By Patrick Rial
Dec. 17 (Bloomberg) -- Japanstocks rose after the Federal Reserve slashed interest rates to a record low and signaled it will continue to buy assets to bolster the world’s largest economy. Gains were limited as the dollar slumped.
Sumitomo Mitsui Financial Group Inc., Japan’s second-largest bank by market value, surged 4.7 percent. Mitsubishi Estate Co., the nation’s No. 1 developer by market value, gained 8 percent as traders increased bets the Bank of Japan will also lower rates, easing access to funding. Honda Motor Co. fell 5.4 percent as the yen traded near a 13-year high versus the dollar and a newspaper said Japan’s second-biggest carmaker will cut its profit forecast.
“In psychological terms I think the Fed’s move will help the market,” said Yuuki Sakurai, general manager of investment planning in Tokyo at Fukoku Mutual Life Insurance Co., which manages $54 billion in assets. “It provides some breathing room for the troubled economy, but it’s not the kind of move that will reenergize the system.”
The Nikkei 225 Stock Average climbed 72.44, or 0.9 percent, to 8,640.46 as of 9:51 a.m. in Tokyo. The broader Topix index gained 1 percent to 836.56. That compared with a 5.1 percent rally by the Standard & Poor’s 500 Index yesterday, the steepest advance in four weeks.

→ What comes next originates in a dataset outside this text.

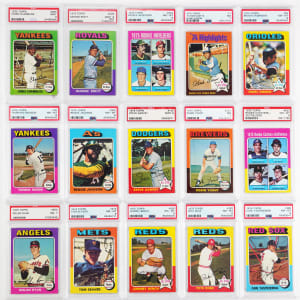 Radiant 1975 Topps complete set of 660 cards featuring 55 crisp PSA graded key cards. This razor-sharp assembly is highlighted by the following:

The Fed cut its target rate for overnight loans between banks to a range of zero to 0.25 percent, a record low. The central bank also said it will “employ all available tools to promote the resumption of sustainable economic growth and to preserve price stability.”
BOJ Rates
Sumitomo Mitsui rose 4.7 percent to 355,000 yen. Nomura Holdings, Japan’s largest brokerage, gained 1.1 percent to 648 yen. Mizuho Financial Group Inc., the country’s third-biggest bank by market value, rose 3.7 percent to 238,600 yen.
Additionally, Goldman Sachs Group Inc., the investment house that converted into a commercial bank, reported a fourth-quarter loss of $2.12 billion that was less than some analysts had estimated, helping financial shares rally in the U.S.
Mitsubishi Estate gained 8 percent to 1,422 yen. Tokyu Land Corp., a developer with property concentrated in western Tokyo, soared 11 percent to 368 yen.
Investors saw a 40 percent chance the Bank of Japan will reduce its benchmark interest rate from 0.3 percent at this week’s meeting, according to calculations made by JPMorgan Chase & Co. based on interest-rate swaps trading. Bankruptcies in Japan’s real estate sector have surged this year as housing demand slumped while banks reined in lending.
Honda Forecast
Honda, which gets more than half its sales in North America, lost 5.4 percent to 1,866 yen. Its operating profit will total about 300 billion yen ($3.31 billion) for the year ending March 31, 200 billion yen less than its October forecast, the Nikkei newspaper said. Honda said it will hold a press conference at 3 p.m. today.
Bridgestone Corp., the world’s largest tiremaker by sales, declined 3.7 percent, while Isuzu Motors Ltd., Japan’s third- biggest maker of commercial vehicles, fell 4.3 percent.
Exporters were also hurt as the yen climbed to as high as 88.64 against the dollar after the Fed lowered interest rates, reducing the value of overseas sales. The yen reached a 13-year high of 88.53 versus the dollar last week.